# DATA EXTRACT
▬▬▬▬▬▬
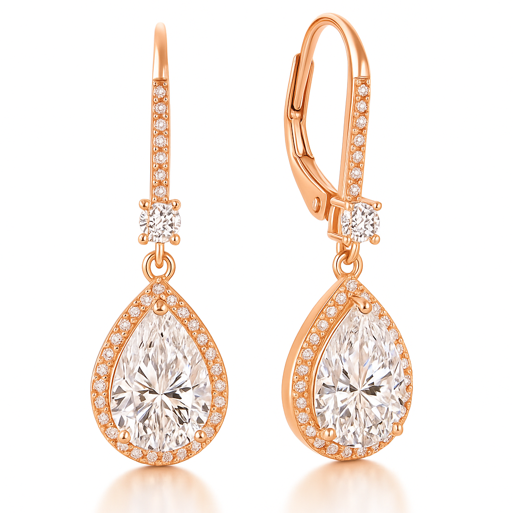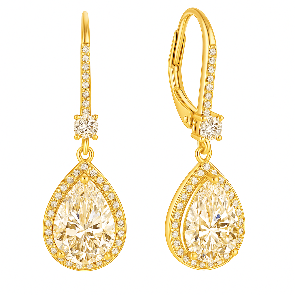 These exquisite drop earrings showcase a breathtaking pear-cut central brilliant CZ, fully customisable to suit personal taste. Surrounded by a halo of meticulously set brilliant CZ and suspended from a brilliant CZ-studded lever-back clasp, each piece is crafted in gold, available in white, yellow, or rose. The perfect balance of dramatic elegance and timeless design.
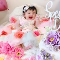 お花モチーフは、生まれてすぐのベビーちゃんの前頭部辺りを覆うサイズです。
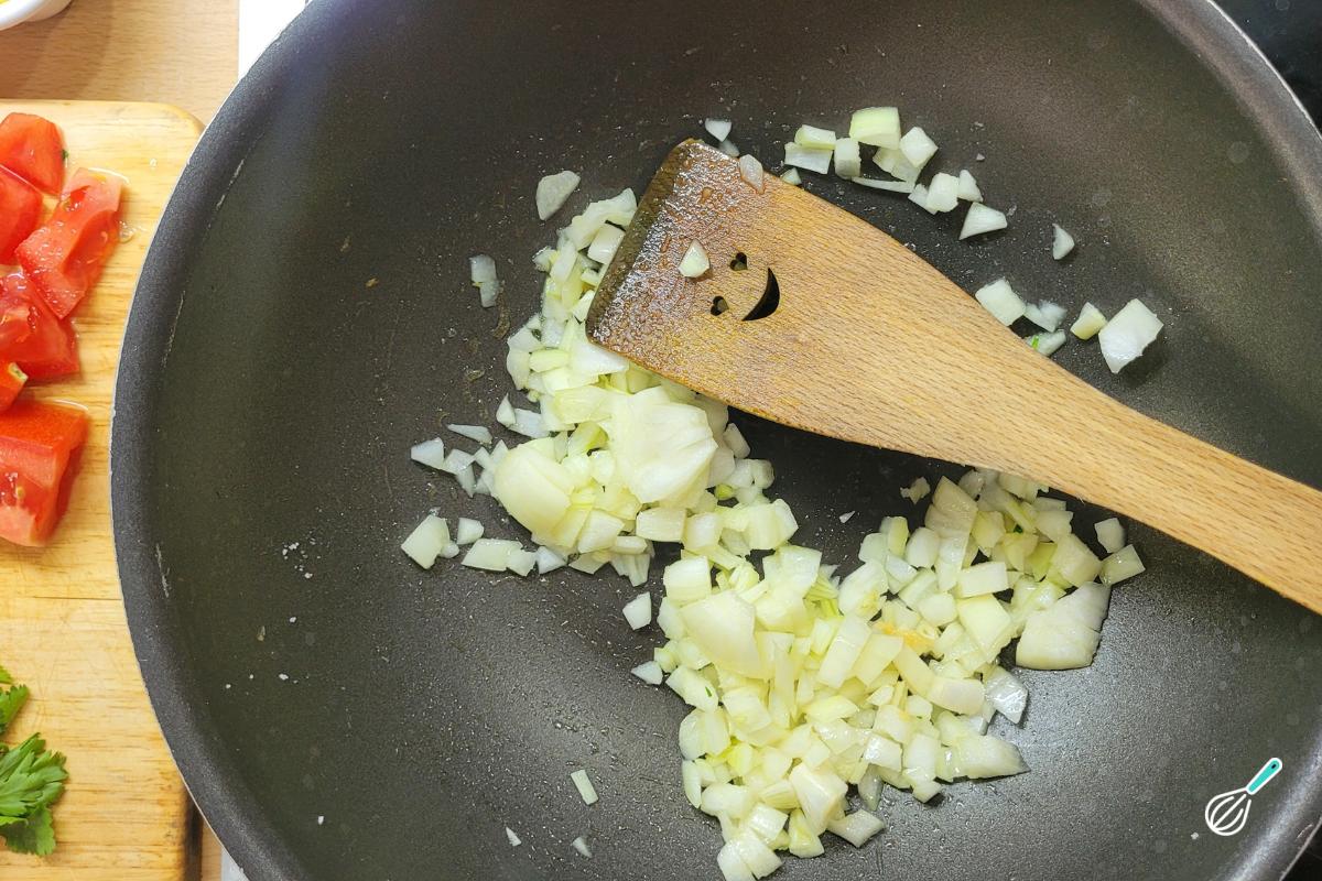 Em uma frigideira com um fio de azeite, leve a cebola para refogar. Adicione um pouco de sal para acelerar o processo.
▬▬▬▬▬▬
# TASK PROMPT
Write the listing out in full, exactly; no images.

# EXERCISE SOLUTION
 These exquisite drop earrings showcase a breathtaking pear-cut central brilliant CZ, fully customisable to suit personal taste. Surrounded by a halo of meticulously set brilliant CZ and suspended from a brilliant CZ-studded lever-back clasp, each piece is crafted in gold, available in white, yellow, or rose. The perfect balance of dramatic elegance and timeless design.
 お花モチーフは、生まれてすぐのベビーちゃんの前頭部辺りを覆うサイズです。
 Em uma frigideira com um fio de azeite, leve a cebola para refogar. Adicione um pouco de sal para acelerar o processo.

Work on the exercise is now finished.